(Beginning of Provided information)
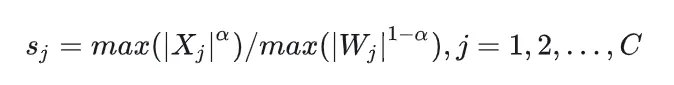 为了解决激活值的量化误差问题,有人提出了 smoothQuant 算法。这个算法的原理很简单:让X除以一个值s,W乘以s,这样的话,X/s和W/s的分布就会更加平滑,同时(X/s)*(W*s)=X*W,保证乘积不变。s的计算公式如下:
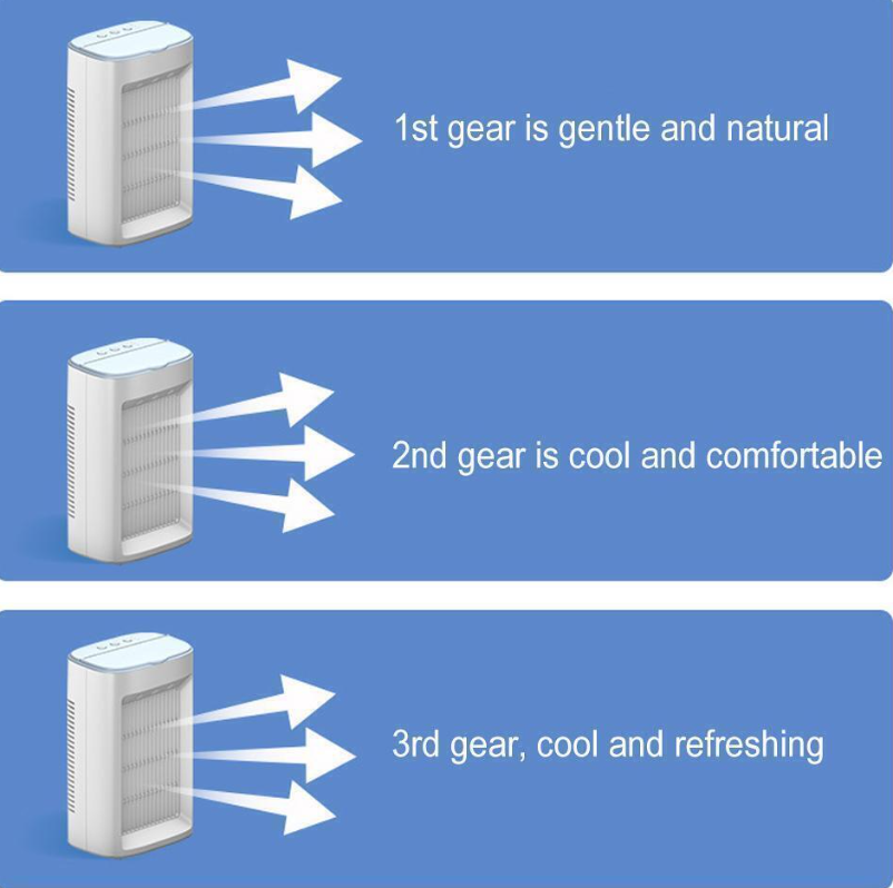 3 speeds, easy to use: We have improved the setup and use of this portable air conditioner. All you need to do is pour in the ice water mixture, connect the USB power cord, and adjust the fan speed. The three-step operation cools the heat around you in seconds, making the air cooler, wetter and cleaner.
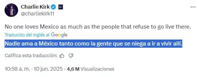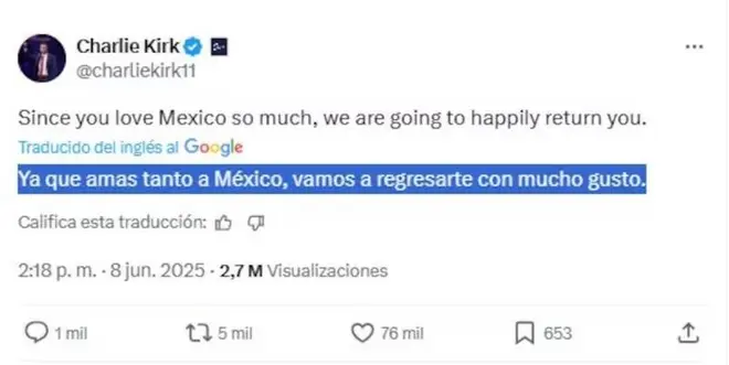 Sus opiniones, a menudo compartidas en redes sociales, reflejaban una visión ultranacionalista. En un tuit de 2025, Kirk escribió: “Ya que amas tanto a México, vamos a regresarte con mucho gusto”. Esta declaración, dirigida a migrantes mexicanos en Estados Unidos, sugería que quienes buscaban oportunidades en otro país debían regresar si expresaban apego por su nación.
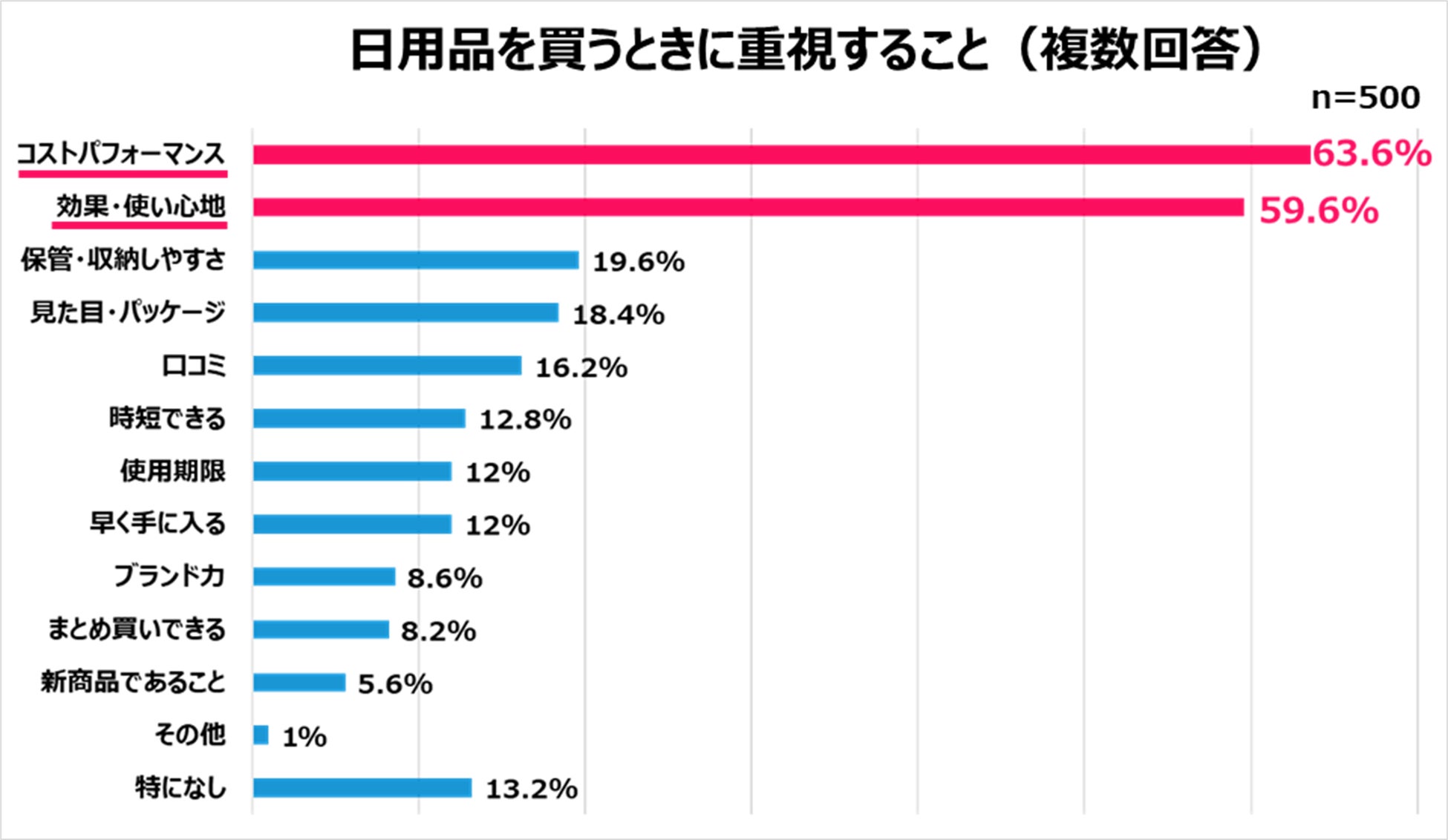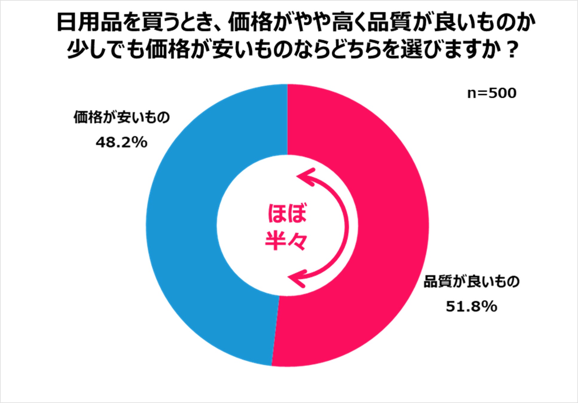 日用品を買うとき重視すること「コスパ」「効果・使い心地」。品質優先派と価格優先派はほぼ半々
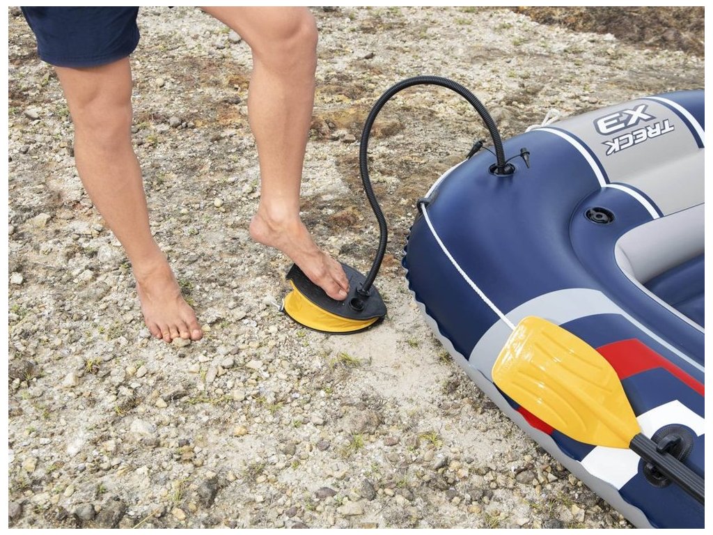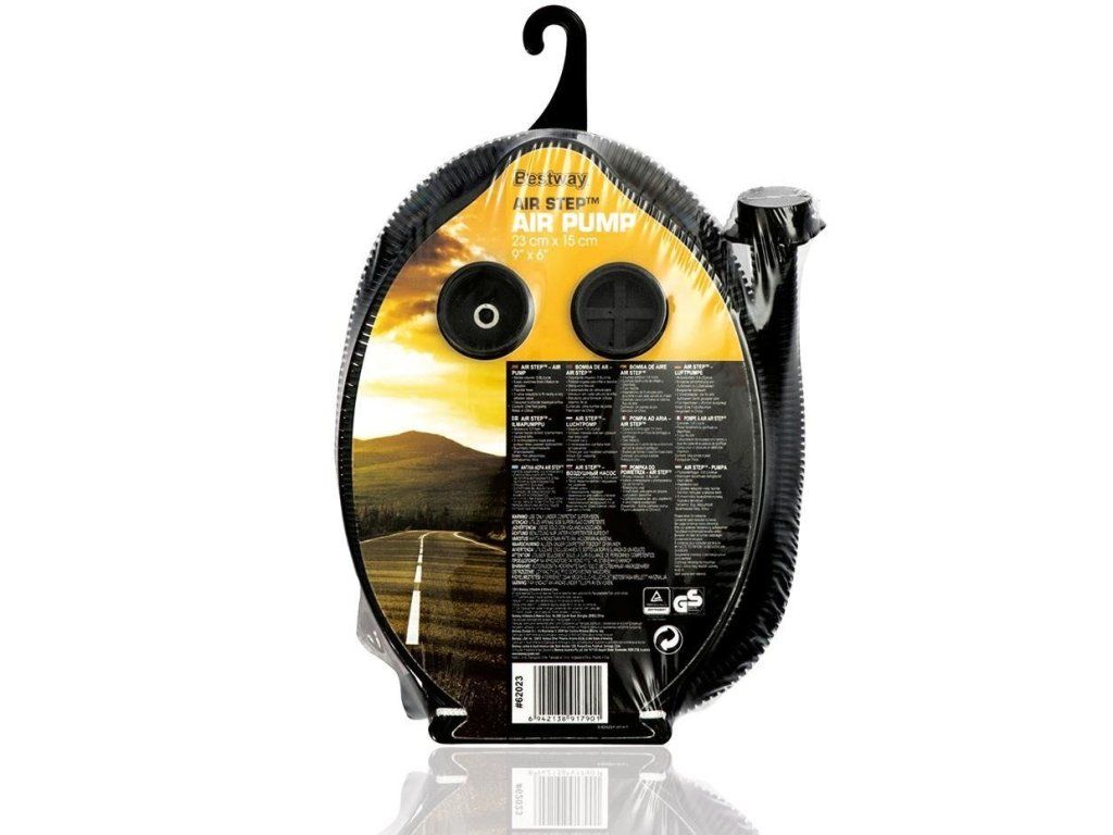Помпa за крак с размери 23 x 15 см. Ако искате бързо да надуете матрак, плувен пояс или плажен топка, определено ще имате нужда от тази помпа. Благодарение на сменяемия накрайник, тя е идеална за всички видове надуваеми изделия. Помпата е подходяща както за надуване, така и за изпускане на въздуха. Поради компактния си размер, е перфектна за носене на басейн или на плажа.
(End of Provided information)
(Beginning of Provided information)
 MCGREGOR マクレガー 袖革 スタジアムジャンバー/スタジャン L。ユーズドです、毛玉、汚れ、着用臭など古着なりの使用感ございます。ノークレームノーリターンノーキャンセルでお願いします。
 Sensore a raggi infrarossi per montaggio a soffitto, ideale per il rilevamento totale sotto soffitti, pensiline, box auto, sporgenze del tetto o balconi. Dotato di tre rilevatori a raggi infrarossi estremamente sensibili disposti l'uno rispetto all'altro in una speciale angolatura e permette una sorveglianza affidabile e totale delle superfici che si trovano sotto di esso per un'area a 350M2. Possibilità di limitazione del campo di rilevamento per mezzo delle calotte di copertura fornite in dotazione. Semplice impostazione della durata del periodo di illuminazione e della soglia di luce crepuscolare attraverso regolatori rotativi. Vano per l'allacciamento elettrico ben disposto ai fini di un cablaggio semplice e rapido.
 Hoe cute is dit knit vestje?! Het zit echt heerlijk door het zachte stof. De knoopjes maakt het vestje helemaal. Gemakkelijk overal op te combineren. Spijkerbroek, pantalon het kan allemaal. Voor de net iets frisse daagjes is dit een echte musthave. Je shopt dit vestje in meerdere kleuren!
(End of Provided information)
* Task prompt:
Return only the stretch of the material above from the line holding "Sensore a raggi" through the line holding "Hoe cute is", copied exactly.

* Exercise result:
 Sensore a raggi infrarossi per montaggio a soffitto, ideale per il rilevamento totale sotto soffitti, pensiline, box auto, sporgenze del tetto o balconi. Dotato di tre rilevatori a raggi infrarossi estremamente sensibili disposti l'uno rispetto all'altro in una speciale angolatura e permette una sorveglianza affidabile e totale delle superfici che si trovano sotto di esso per un'area a 350M2. Possibilità di limitazione del campo di rilevamento per mezzo delle calotte di copertura fornite in dotazione. Semplice impostazione della durata del periodo di illuminazione e della soglia di luce crepuscolare attraverso regolatori rotativi. Vano per l'allacciamento elettrico ben disposto ai fini di un cablaggio semplice e rapido.
 Hoe cute is dit knit vestje?! Het zit echt heerlijk door het zachte stof. De knoopjes maakt het vestje helemaal. Gemakkelijk overal op te combineren. Spijkerbroek, pantalon het kan allemaal. Voor de net iets frisse daagjes is dit een echte musthave. Je shopt dit vestje in meerdere kleuren!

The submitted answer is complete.